Studies show that up to 60% of new nurse graduates leave their first job within their first year, and many hospitals are focusing on ways to help new nurses through the difficult transition from nursing school to novice nurse to competent, confident practitioner.

Rapid City (SD) Regional Hospital is one such facility looking to help its new grads succeed and remain with the organization. The hospital hires an average of 100 nurse graduates every year, but within two years, 25% of those nurses are no longer with the facility. With the help of a recent grant from the Robert Wood Johnson Foundation, Regional Hospital has launched a two-part program to provide guidance to the new nurses.
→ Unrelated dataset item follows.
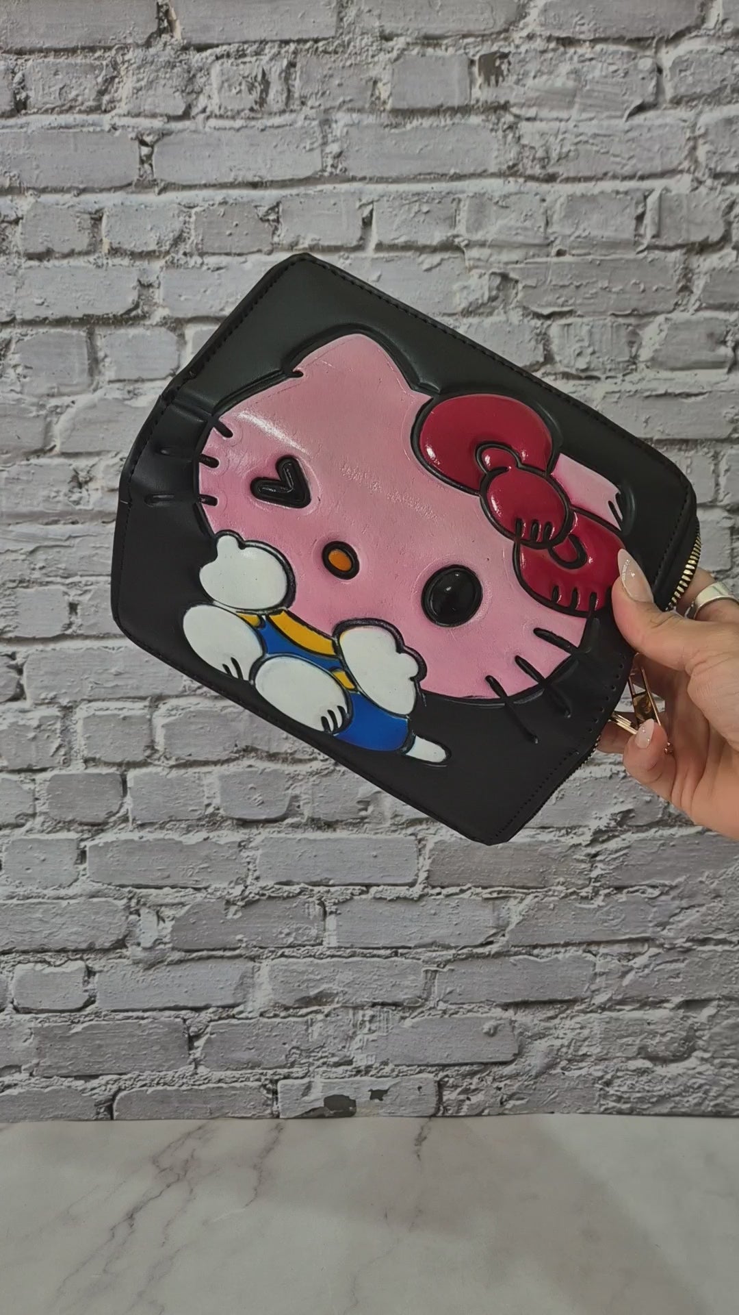 Lleva la ternura contigo con esta encantadora billetera artesanal con diseño de gatita rosa y moño. Su estilo divertido y original combina funcionalidad con un toque adorable, perfecta para el día a día o como regalo especial.

The first part of the program is a pilot involving the two university nursing schools. The schools will each pick one class of eight students to participate in a program where they will have extra opportunities to practice clinical skills. The students will work with nurses at Regional Hospital; two students will be paired with a nurse and faculty members will oversee the process.

This part of the program is designed to give students more time with nurses to practice clinical skills, which it is hoped will help them gain confidence and have a more positive first year when they eventually start work as a nurse.

The second part of the program is a new, year-long residency program for each newly-hired nurse. New nurses will be paired with a mentor, who will be someone other than their supervisor or preceptor.

To read more on Regional Hospital’s new programs, click here.

Does your facility offer similar programs? What are some other ways to help with first year nurse retention?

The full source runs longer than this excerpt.